TASK OBJECTIVE:
Your copy should hold only the lines from the one with "圖:外國游客協(xié)助募捐 桂林民眾捐款逾千萬" to the one with "Sarung kursi Napolly", both included, each exactly as it stands below, with no pictures.
━━━━━━━━━━━━━━━━
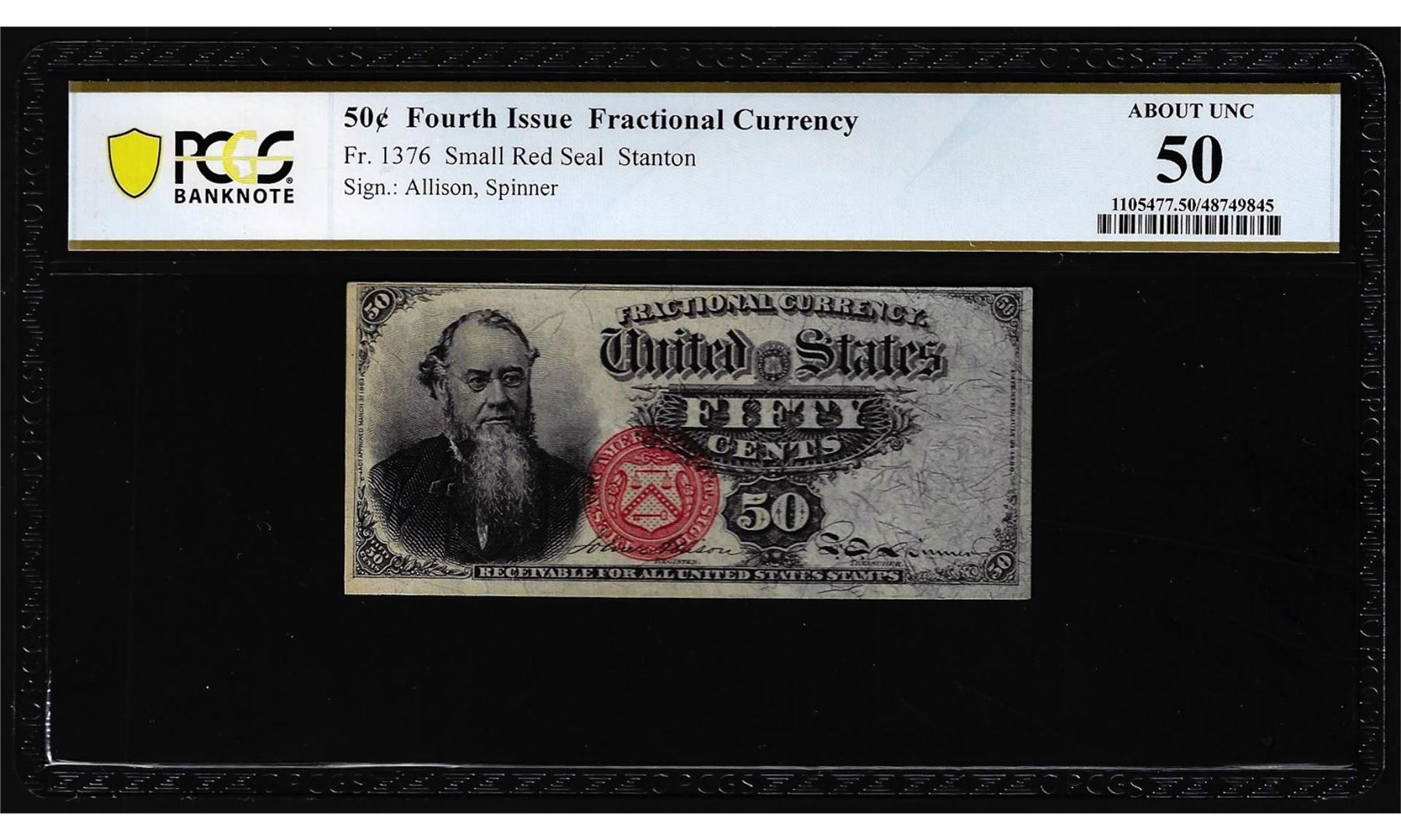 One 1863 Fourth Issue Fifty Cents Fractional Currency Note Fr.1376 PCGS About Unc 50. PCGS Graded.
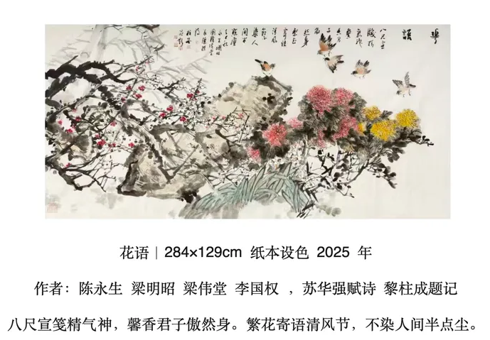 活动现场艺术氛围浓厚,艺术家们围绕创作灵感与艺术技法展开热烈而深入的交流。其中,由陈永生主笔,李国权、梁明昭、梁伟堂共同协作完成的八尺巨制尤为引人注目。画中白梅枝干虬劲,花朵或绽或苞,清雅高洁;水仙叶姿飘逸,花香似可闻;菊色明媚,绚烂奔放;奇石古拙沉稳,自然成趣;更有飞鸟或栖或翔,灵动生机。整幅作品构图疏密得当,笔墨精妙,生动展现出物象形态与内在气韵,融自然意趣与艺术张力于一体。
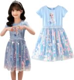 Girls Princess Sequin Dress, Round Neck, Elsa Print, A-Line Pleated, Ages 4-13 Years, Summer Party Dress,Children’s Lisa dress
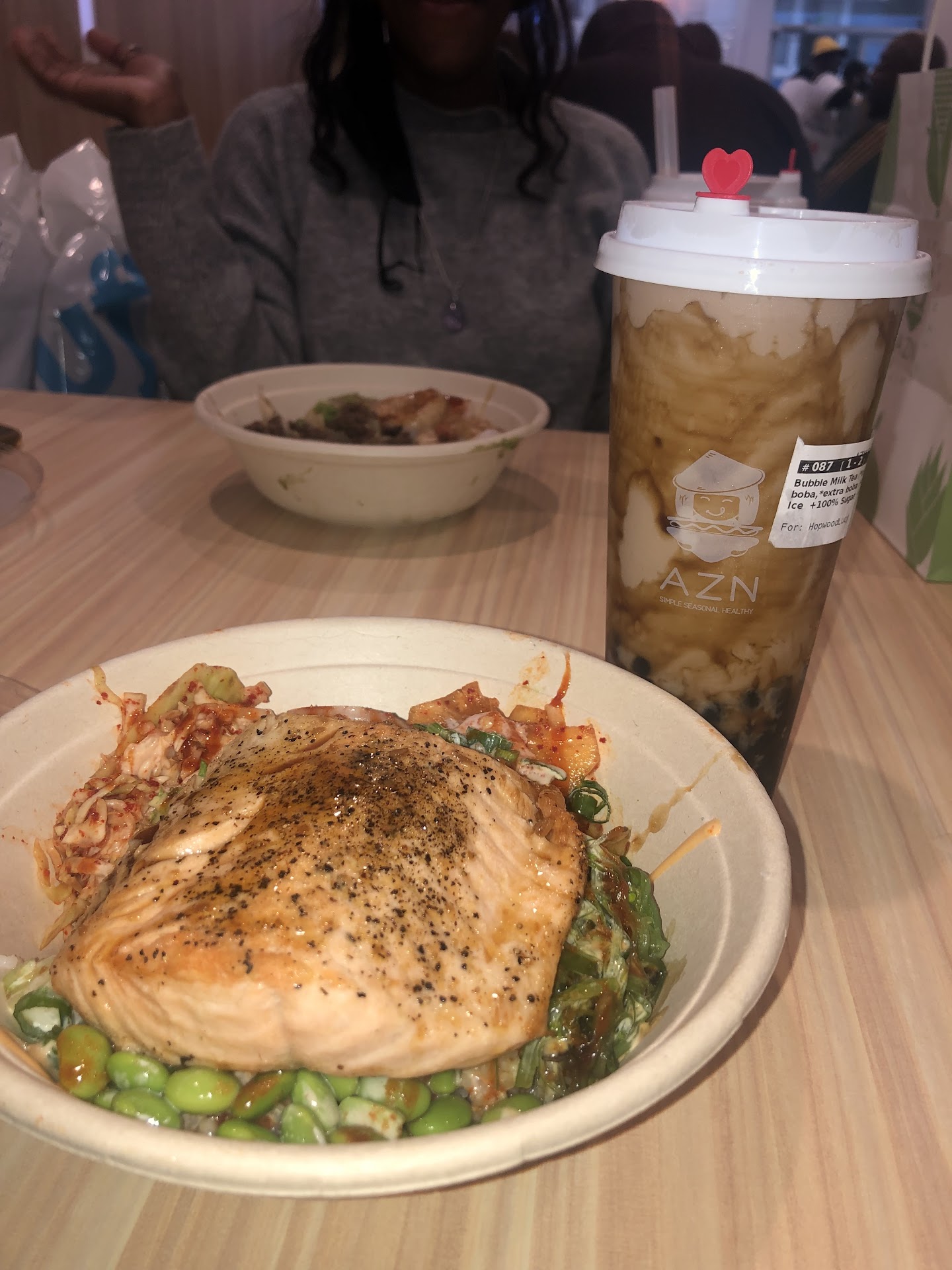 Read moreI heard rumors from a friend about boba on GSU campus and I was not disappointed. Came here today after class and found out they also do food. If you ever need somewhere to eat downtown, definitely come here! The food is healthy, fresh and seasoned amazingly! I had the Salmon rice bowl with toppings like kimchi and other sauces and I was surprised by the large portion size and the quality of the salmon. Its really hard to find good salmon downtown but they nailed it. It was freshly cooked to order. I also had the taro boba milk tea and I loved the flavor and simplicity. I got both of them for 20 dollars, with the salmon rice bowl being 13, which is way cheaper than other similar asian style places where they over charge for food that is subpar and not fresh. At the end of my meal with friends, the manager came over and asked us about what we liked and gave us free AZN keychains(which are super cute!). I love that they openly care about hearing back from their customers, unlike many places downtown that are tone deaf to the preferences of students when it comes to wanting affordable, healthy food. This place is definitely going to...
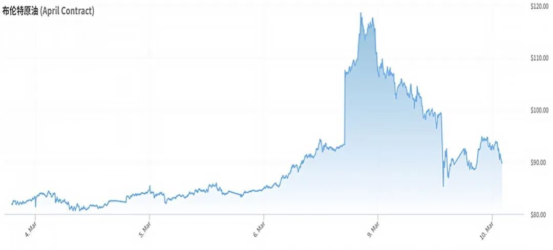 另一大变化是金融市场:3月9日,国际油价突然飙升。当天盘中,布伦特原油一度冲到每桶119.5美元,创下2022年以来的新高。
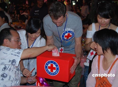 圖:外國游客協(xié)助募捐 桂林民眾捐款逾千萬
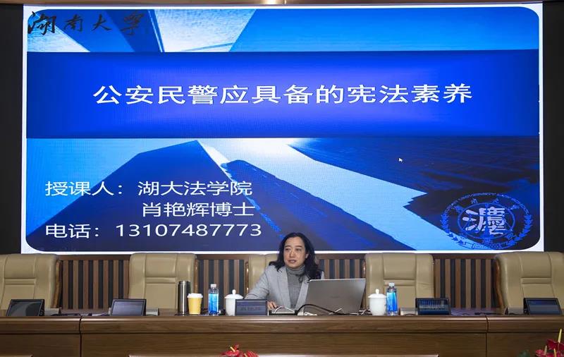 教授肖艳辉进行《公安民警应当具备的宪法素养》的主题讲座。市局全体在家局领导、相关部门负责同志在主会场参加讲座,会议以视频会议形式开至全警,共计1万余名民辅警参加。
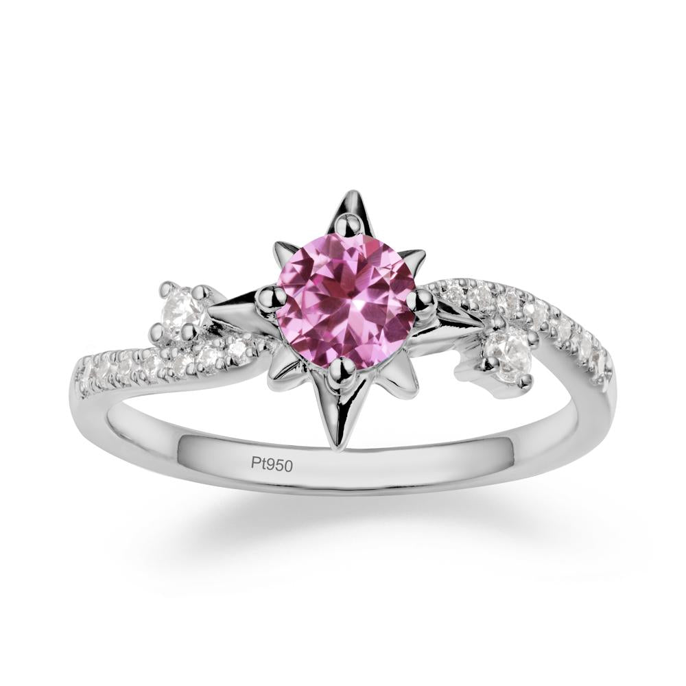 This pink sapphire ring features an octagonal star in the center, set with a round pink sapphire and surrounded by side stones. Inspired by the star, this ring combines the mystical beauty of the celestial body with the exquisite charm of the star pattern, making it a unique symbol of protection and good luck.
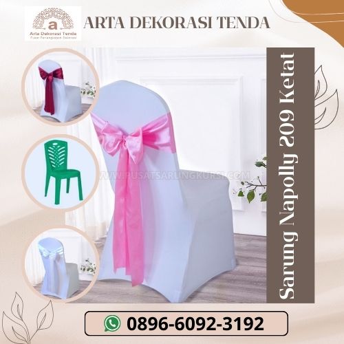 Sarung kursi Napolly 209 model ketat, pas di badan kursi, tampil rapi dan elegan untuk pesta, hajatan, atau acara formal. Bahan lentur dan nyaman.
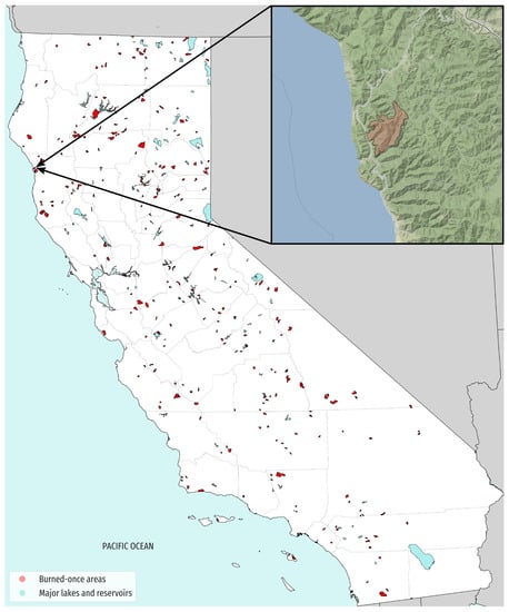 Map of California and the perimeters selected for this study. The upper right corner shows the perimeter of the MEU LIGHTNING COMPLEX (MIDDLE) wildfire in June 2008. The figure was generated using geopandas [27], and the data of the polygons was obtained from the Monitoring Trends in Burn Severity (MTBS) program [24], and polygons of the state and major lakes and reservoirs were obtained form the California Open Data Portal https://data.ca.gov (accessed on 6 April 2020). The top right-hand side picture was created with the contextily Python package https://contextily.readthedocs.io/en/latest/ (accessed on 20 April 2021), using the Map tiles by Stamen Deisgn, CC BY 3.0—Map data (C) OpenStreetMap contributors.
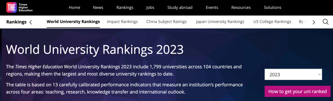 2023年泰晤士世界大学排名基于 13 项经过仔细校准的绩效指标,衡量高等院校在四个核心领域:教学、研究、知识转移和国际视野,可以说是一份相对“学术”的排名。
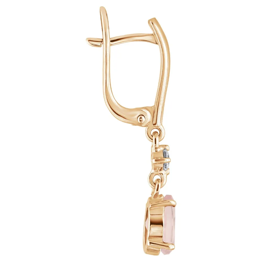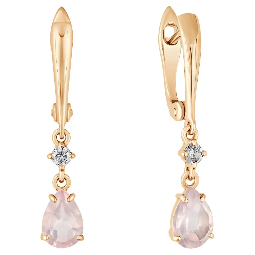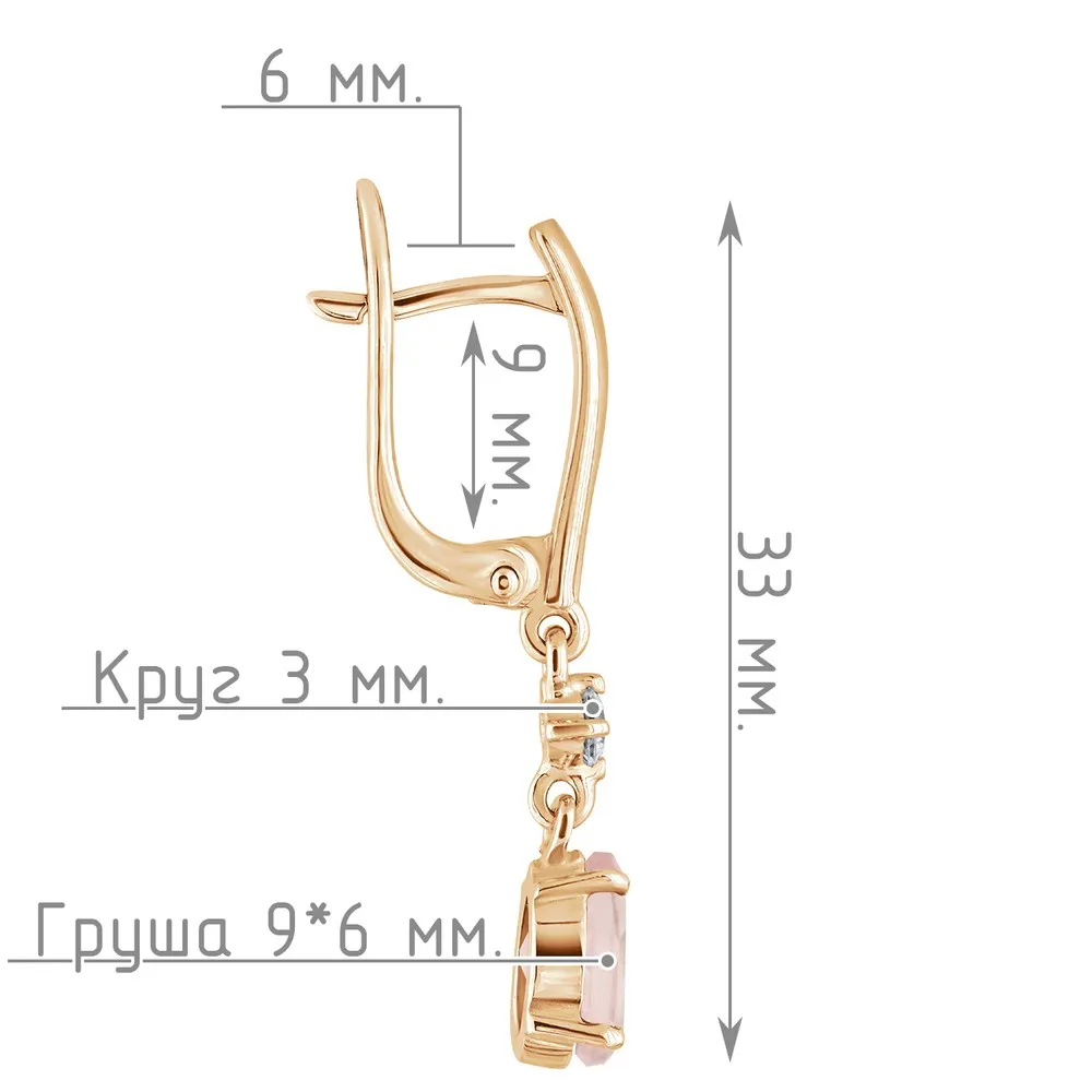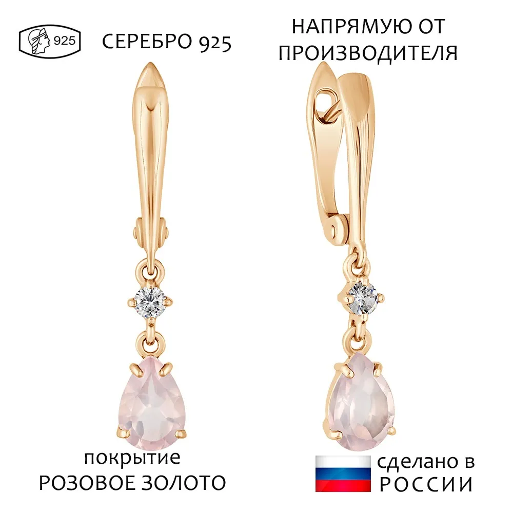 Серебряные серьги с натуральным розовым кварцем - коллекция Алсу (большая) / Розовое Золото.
━━━━━━━━━━━━━━━━
EXERCISE RESPONSE:
 圖:外國游客協(xié)助募捐 桂林民眾捐款逾千萬
 教授肖艳辉进行《公安民警应当具备的宪法素养》的主题讲座。市局全体在家局领导、相关部门负责同志在主会场参加讲座,会议以视频会议形式开至全警,共计1万余名民辅警参加。
 This pink sapphire ring features an octagonal star in the center, set with a round pink sapphire and surrounded by side stones. Inspired by the star, this ring combines the mystical beauty of the celestial body with the exquisite charm of the star pattern, making it a unique symbol of protection and good luck.
 Sarung kursi Napolly 209 model ketat, pas di badan kursi, tampil rapi dan elegan untuk pesta, hajatan, atau acara formal. Bahan lentur dan nyaman.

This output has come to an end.